The goal is to pad with 3 columns of Nan
(but can be any fixed number of columns) the space between each SKU.
The index
now is made by 3 rows but can be of 4,2 or any other length.
So between the set SKU1_
, SKU2_
etc...
# I initialize an empty DataFrame
df_empty = pd.DataFrame()
# I am defining the range that will define when to split the original dataframe
data_range = np.arange(0,len(pivot_test.columns),3)
#Creating the index for the empty dataframe that will be used for padding
df_nan_len =np.arange(1,len(pivot_test)+1,1)
df_nan = pd.DataFrame(np.nan, index=df_nan_len, columns=['0', '1','2'])

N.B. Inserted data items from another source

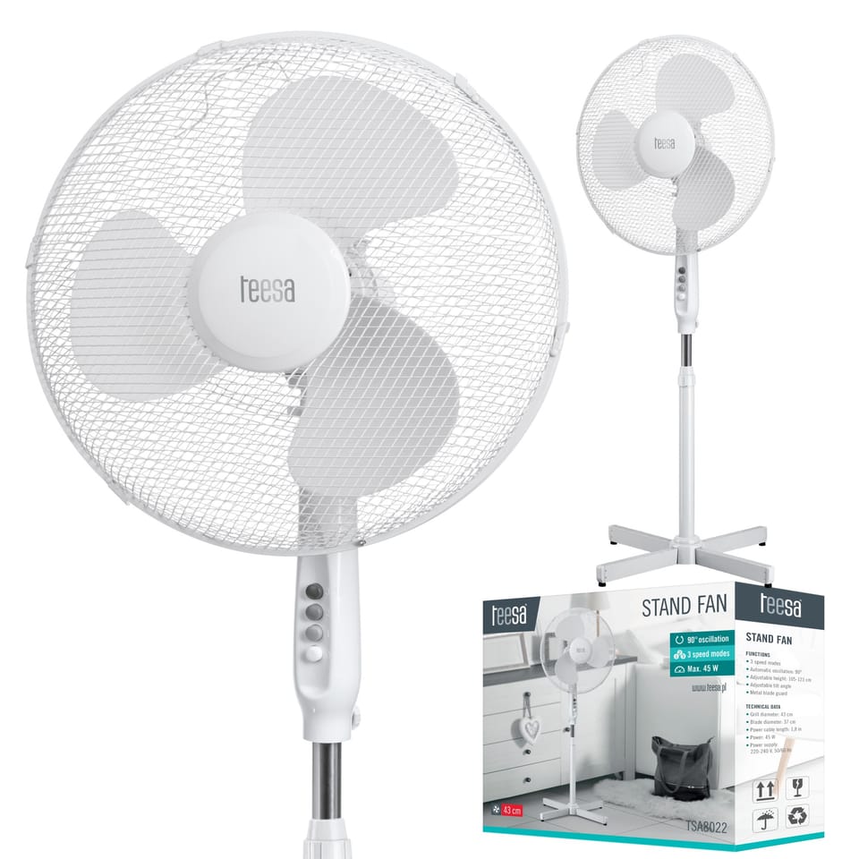 IT WAS COLD! And all this thanks to the Teesa standing fan! Choosing one of three speed modes ensures that you adjust the temperature to your needs. The large diameter of the propellers, driven by a motor with a nominal power of 45 W, combined with an automatic oscillation of 90° make the fan easily cool a larger room.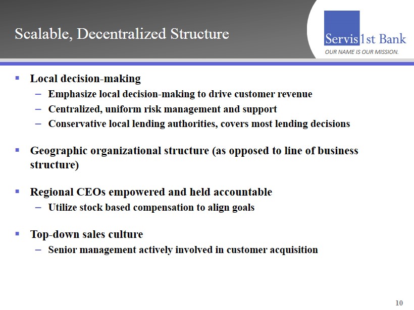 Our Business Model ▪ “Loan making and deposit taking ” – Traditional commercial banking services – No emphasis on non - traditional business lines ▪ Culture of cost control – “Branch light ”, with $261 million (1) average deposits per banking center – Leverage technology and centralized infrastructure – Headcount focused on production and risk management – Key products; including remote deposit capture, cash management, remote currency manager – Outsource selected functions ▪ C&I lending expertise – 44.5% of gross loans (1) – Target customers: privately held businesses $2 to $250 million in annual sales, professionals, affluent consumers 9 OUR NAME IS OUR MISSION. (1) As of December 31, 2014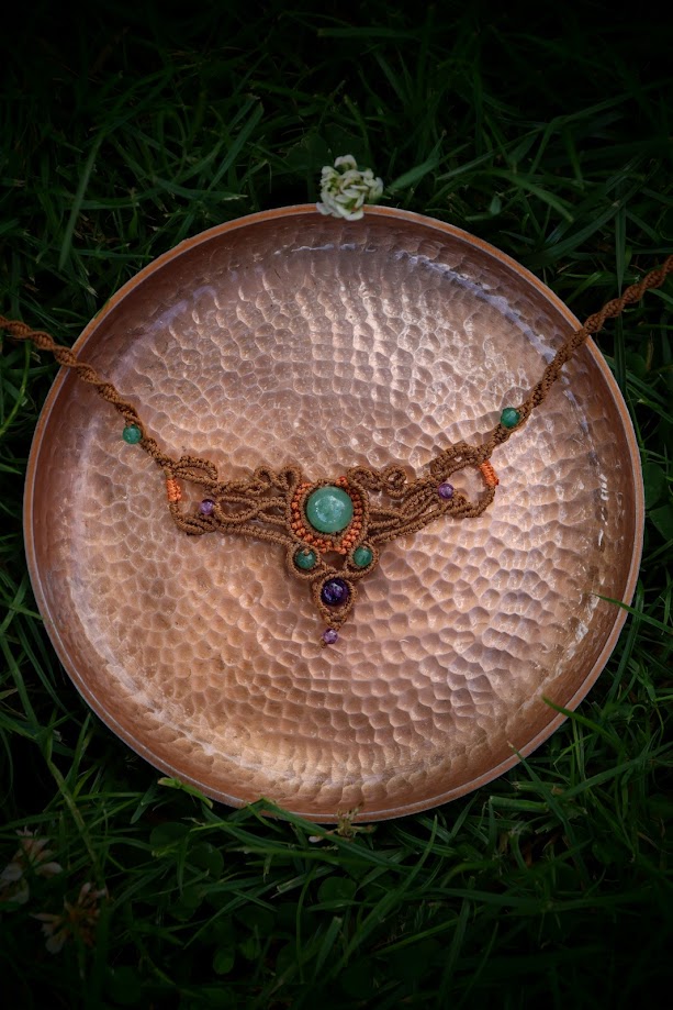 Halskæden er skabt ved brug af mikro macrame knytte metoden, og den kan bruges både som armbånd, ankelkæde eller et “diadem” på det tredje øje.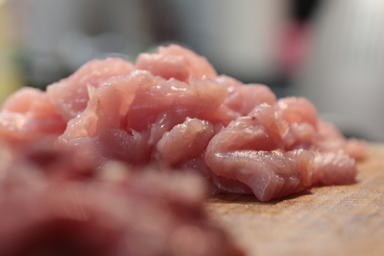 Das Fleisch in sehr dünne Streifen schneiden. | ||||||||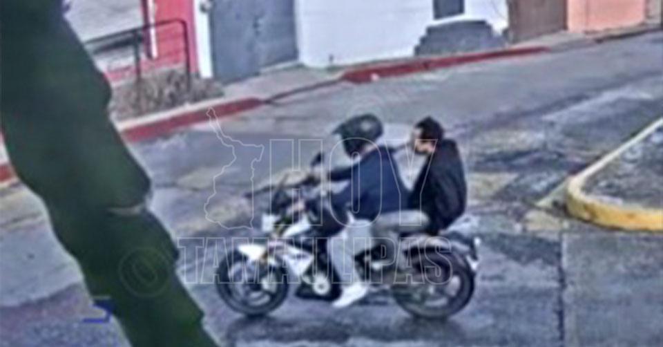 En la gráfica, se observa a dos hombres, con sudaderas oscuras a bordo de una motocicleta de color blanco.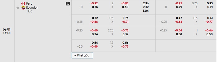 Soi kèo châu Á, kèo Peru vs Ecuador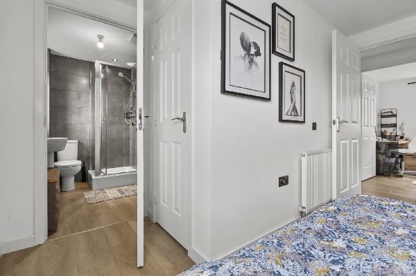 Upstairs, the home continues to impress with three well-proportioned bedrooms, offering flexibility for growing into over time — whether that’s a guest room, home office or future family space. The main bedroom enjoys the added bonus of its own en-suite shower room, bringing a touch of privacy and convenience that makes everyday routines feel that bit easier. The family bathroom is modern and fresh, completing the upper level with a clean, contemporary finish.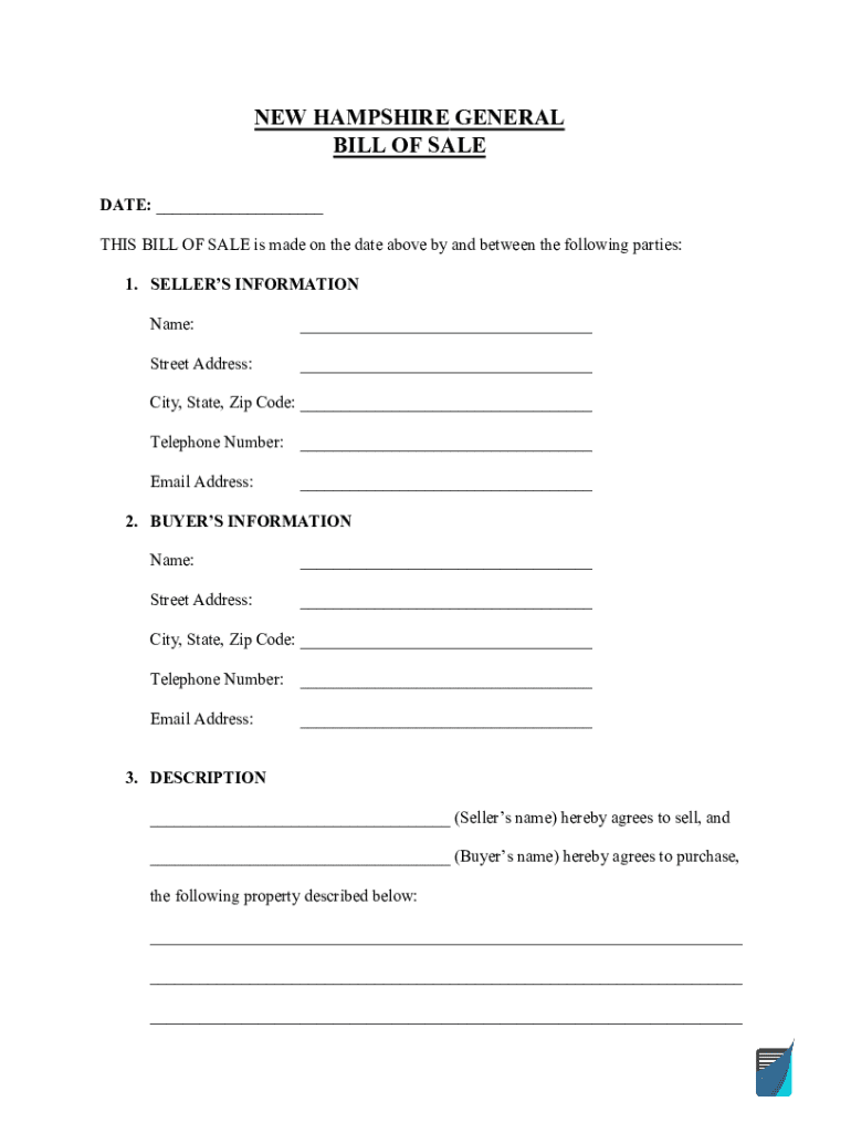 NEW HAMPSHIRE GENERAL BILL OF SALE DATE: ___ THIS BILL OF SALE is made on the date above by and between the following parties: 1. SELLERS INFORMATION Name:___Street Address:___City, State, Zip Code: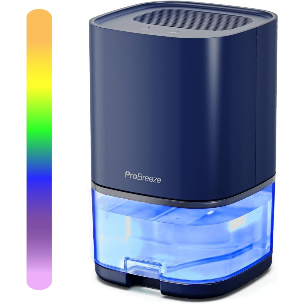Pro Breeze 1000ml Dehumidifier for Bathroom - Quiet, Portable & Small Air Dehumidifier for Bedroom Mould, Damp & Moisture - with 4-Hour Timer, Auto Shut-Off & LED Changing Lights - Blue

#loop for each element in the range
for i in data_range:
#Splitting the DataFrame
filter = pivot_test.iloc[:,i:i+3]
df_empty = pd.concat([df_empty,filter],
axis =1)
df_empty = pd.concat([df_empty,df_nan],
axis =1)
And from that I get my final output:
SKU1A SKU1B SKU1C 0 1 2 SKU2A SKU2B SKU2C 0 ... SKU3C 0 1 2 SKU4A SKU4B SKU4C 0 1 2
1 10.0 1.0 0.1 NaN NaN NaN 20.0 2.0 0.2 NaN ... 0.3 NaN NaN NaN 70.0 7.0 0.7 NaN NaN NaN
2 40.0 4.0 0.4 NaN NaN NaN 50.0 5.0 0.5 NaN ... 0.6 NaN NaN NaN 80.0 8.0 0.8 NaN NaN NaN
3 90.0 9.0 0.9 NaN NaN NaN 100.0 10.0 1.0 NaN ... 1.1 NaN NaN NaN 120.0 12.0 1.2 NaN NaN NaN
I am already aware that if I had a different number of KPIs for example 4 or 2 this code will not work properly.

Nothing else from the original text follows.